10/26/2012 12:31 EDT | Updated 01/21/2013 10:16 EST

Internet Rates Canada: CRTC To Require Transparency On Wholesale Costs

GATINEAU, Que. - The Canadian Radio-television and Telecommunications Commission says large telephone and cable companies will have to make more information public on the rates they charge smaller competitors for space on their networks.

The CRTC says new guidelines will increase transparency and allow Canadians to better understand how wholesale rates are established.

The big telecoms and cable companies such as Bell (TSX:BCE), Rogers (TSX:RCI.B) and Telus (TSX:T) sell smaller Internet providers space on their networks at wholesale rates.

These smaller companies then use that space to provide services to retail customers.

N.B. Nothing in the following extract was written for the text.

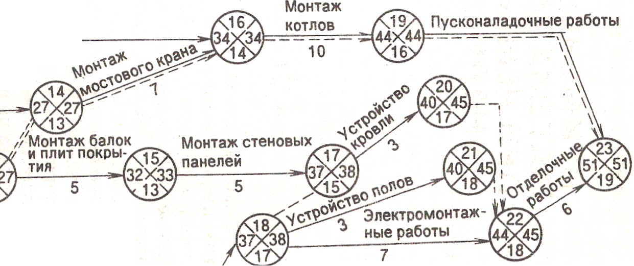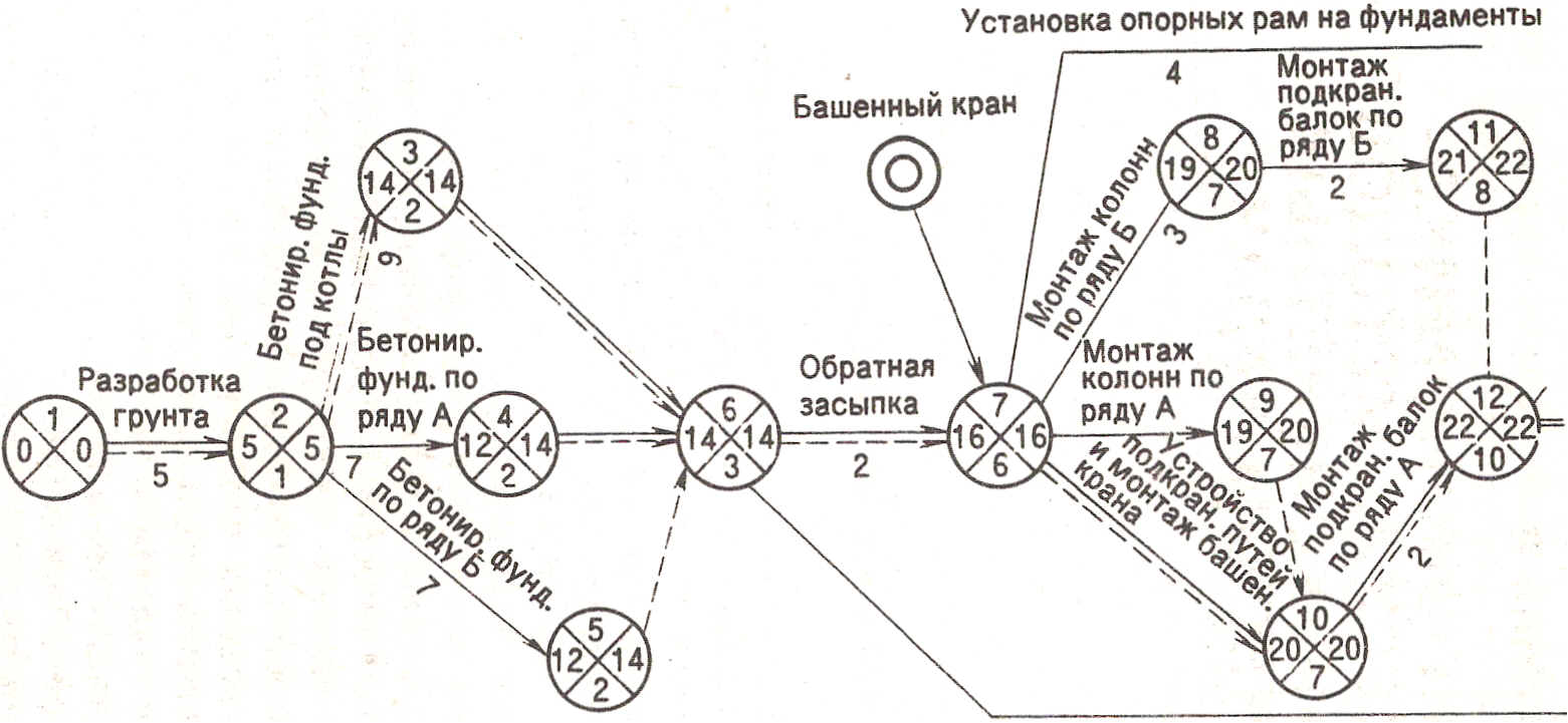 Сетевой график (рис. 6.1) позволяет выделить из всего комплекса работ наиболее важные, лежащие на критическом пути, и сосредоточить на них основные ресурсы строительно-монтажных организаций, устанавливать взаимосвязь между различными специализированными организациями и координировать их работу. Работы, лежащие на критическом пути, требуют наиболее продолжительного ожидания поступления очередного

The CRTC says rates for wholesale services are based on the cost of providing the service plus an allowable markup that would include costs such as past network investments.

The federal regulator says once big telecom and cable companies submit their costs and proposed rates to the CRTC, that information will now be made public.

With this additional data, the CRTC says interested parties will be able to make a more informed analysis.

The CRTC says companies will continue to have the right to protect competitively sensitive information and other parties can continue to request disclosure of any such information.

However, the CRTC will rule on any disclosure requests using the new guidelines.

"Smaller companies offer competitive and innovative choices to Canadians by using access they have purchased at wholesale prices from the large companies," Blais said in a news release.

"Today's guidelines will increase transparency and allow Canadians to better understand how we establish wholesale rates."

Last November, the CRTC rejected a controversial plan that would have allowed the big phone and cable companies to impose a usage-based billing model on Internet service resellers, a system that many consumers had opposed.

Instead, the CRTC ruled that big telecom and cable companies have a choice of either charging the smaller Internet providers a flat rate per user or selling the ISPs a specific amount of capacity on their networks.